CX-5461 traps TOP2B and induces synthetic lethality in ATRX-deficient glioma. Schematic model showing how CX-5461 functions as a TOP2B poison to impair G4 resolution. In WT glioma cells, the ATRX and TOP2B cooperate to resolve G4 structures to ensure replication fork progression and genome stability. In ATRX-deficient cells, TOP2B becomes the primary resolver of G4s during replication. CX-5461 traps TOP2B cleavage complexes (TOP2Bcc), disrupts the ATRX-TOP2B interaction, and blocks G4 resolution, leading to G4 accumulation.

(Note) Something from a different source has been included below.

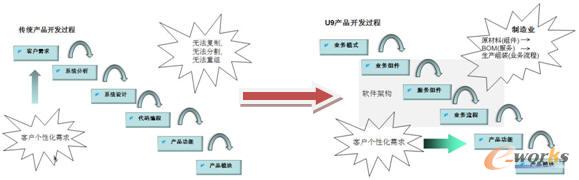 在U9的開(kāi)發(fā)過(guò)程中,用友一開(kāi)始并未直接投身于產(chǎn)品開(kāi)發(fā)當(dāng)中,而是花了半年以上的時(shí)間,從以往積累的多個(gè)客戶當(dāng)中提煉出了不同企業(yè)的商業(yè)模式,然后以商業(yè)模式為指向,來(lái)搭建U9的軟件架構(gòu)。
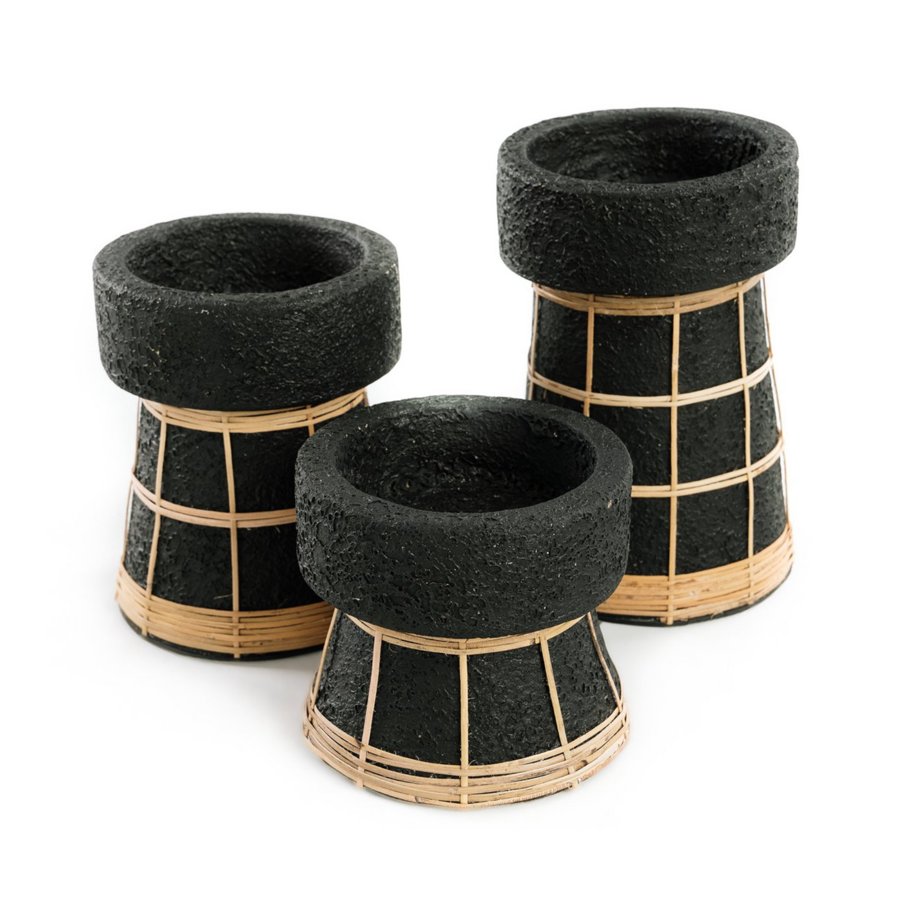 Nog niet overtuigd? Het is tijd om je (salon)tafel opnieuw te decoreren! Of het nu winter of zomer is, een paar mooie kandelaars zorgen meteen voor gezellige gevoelens. De Serene kandelaars zijn gemaakt van prachtig gestructureerd terracotta, in betongrijs of diepzwart, en zijn verkrijgbaar in drie maten per kleur. Ze zijn afgewerkt met een zorgvuldig vervaardigd rotanraster, waardoor het terracotta wordt verrijkt met enkele natuurlijke tinten. Voel je vrij om maten en kleuren te mixen en matchen!

This accumulation induces replication fork collapse, single-stranded DNA gaps, and DSBs, activating ATM/ATR signaling and downstream DDR pathways, including CHK1/CHK2-mediated cell cycle arrest. However, ATRX deficiency impairs key DDR components, particularly BRCA1-RAD51-mediated HR and RIF1-53BP1-mediated NHEJ, resulting in defective fork protection and repair. These vulnerabilities culminate in synthetic lethality upon CX-5461 treatment in ATRX-deficient glioma cells.